[Records from a data source]
===
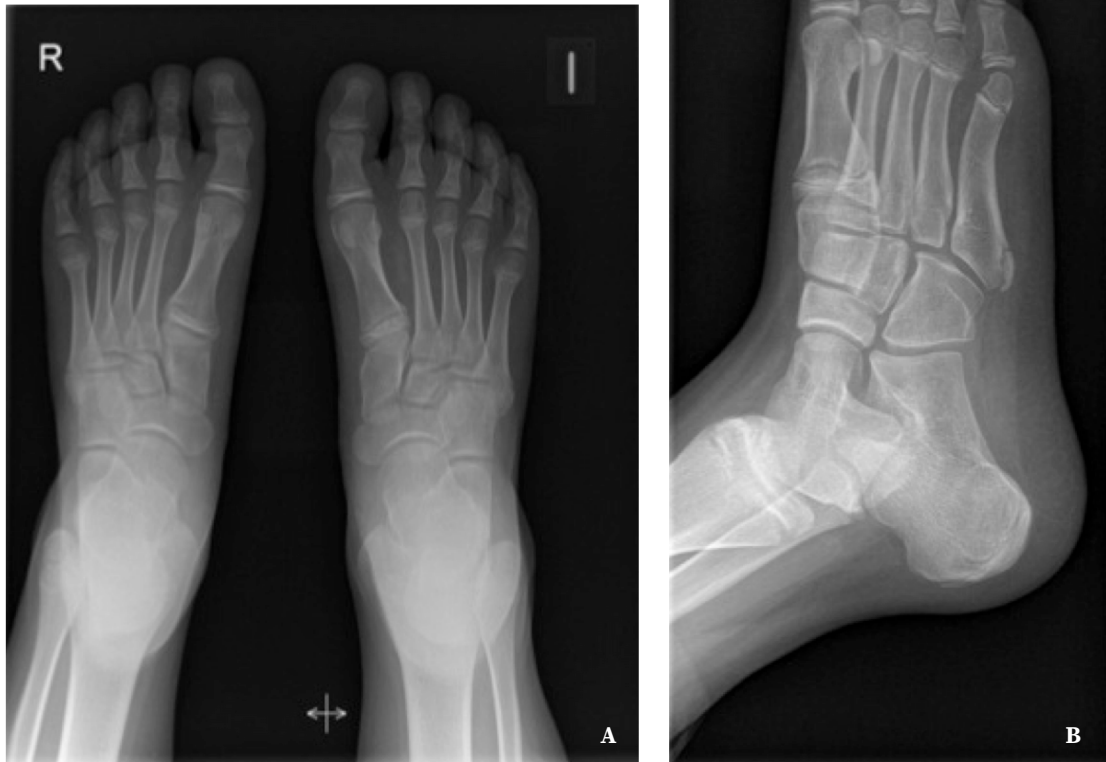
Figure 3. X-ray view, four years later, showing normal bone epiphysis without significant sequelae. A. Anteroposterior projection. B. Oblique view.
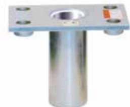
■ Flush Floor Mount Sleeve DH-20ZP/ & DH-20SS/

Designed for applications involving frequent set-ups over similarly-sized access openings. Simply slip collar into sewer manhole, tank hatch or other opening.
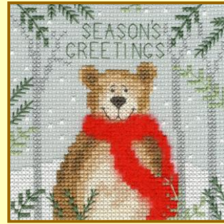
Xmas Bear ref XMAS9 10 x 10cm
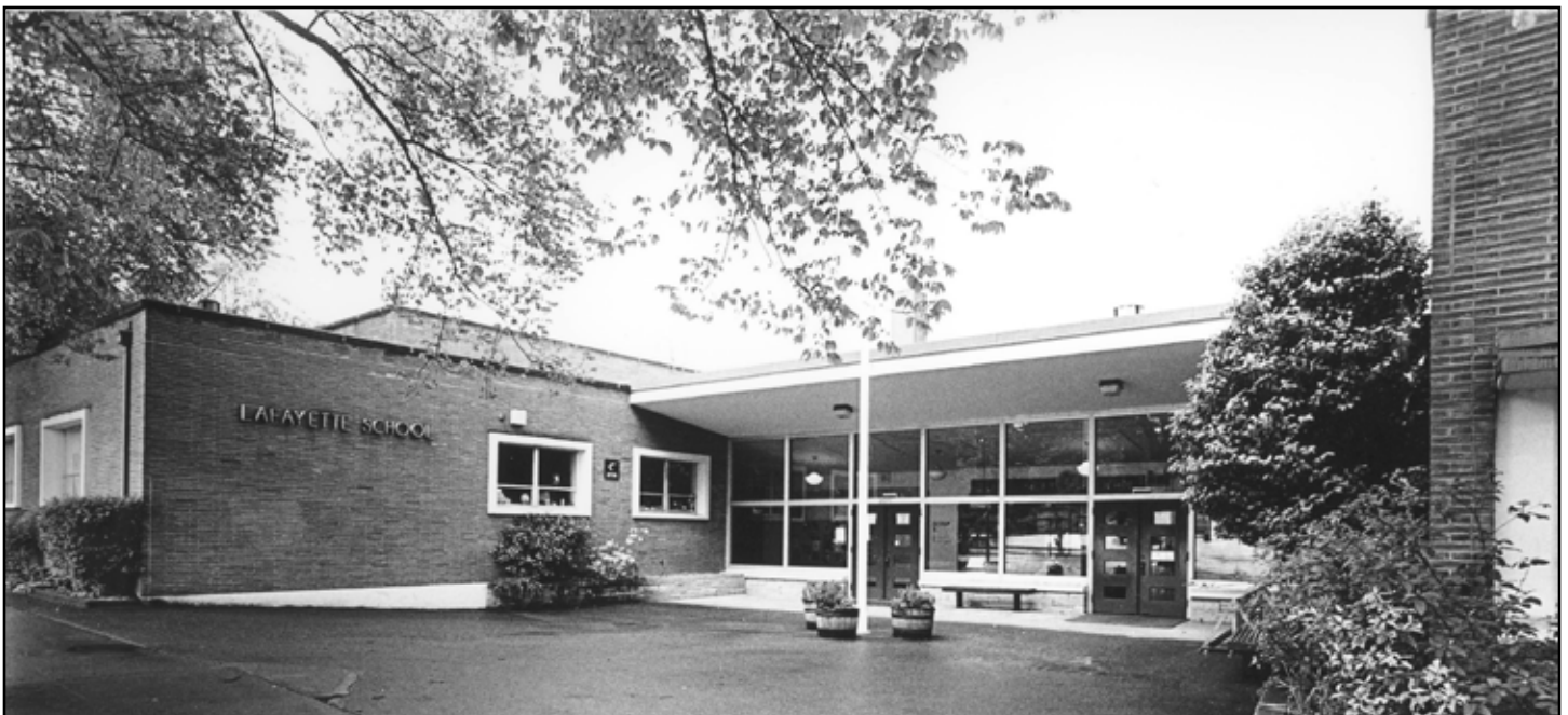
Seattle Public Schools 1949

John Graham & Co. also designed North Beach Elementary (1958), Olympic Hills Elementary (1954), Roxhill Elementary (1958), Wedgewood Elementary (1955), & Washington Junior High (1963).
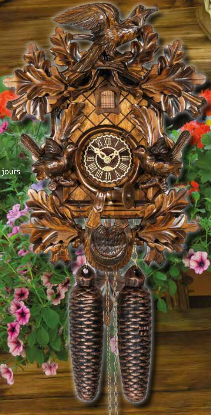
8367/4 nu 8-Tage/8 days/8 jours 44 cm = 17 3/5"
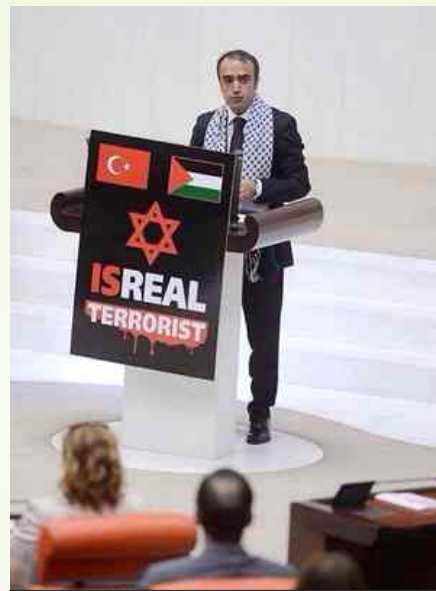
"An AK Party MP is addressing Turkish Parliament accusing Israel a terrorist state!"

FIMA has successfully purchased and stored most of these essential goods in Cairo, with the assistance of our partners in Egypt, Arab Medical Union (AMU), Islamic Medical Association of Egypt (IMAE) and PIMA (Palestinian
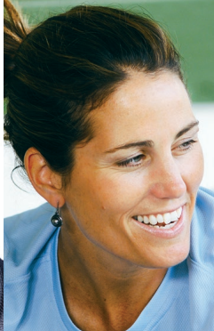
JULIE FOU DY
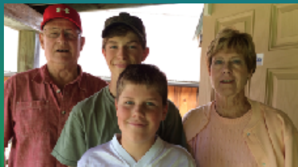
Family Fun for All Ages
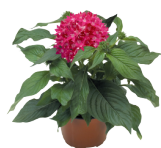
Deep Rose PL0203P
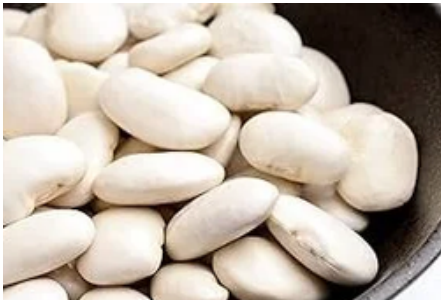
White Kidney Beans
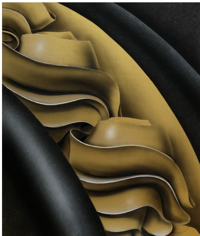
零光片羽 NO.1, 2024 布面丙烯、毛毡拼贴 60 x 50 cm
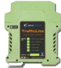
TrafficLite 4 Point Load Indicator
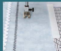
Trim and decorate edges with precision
===
- _TASK OBJECTIVE_:
Omit all pictures and write out, exactly, only the lines from the line containing "FIMA has successfully" through the last line of the entries above.

- _ANSWER FOR THE TASK_:
FIMA has successfully purchased and stored most of these essential goods in Cairo, with the assistance of our partners in Egypt, Arab Medical Union (AMU), Islamic Medical Association of Egypt (IMAE) and PIMA (Palestinian
JULIE FOU DY
Family Fun for All Ages
Deep Rose PL0203P
White Kidney Beans
零光片羽 NO.1, 2024 布面丙烯、毛毡拼贴 60 x 50 cm
TrafficLite 4 Point Load Indicator
Trim and decorate edges with precision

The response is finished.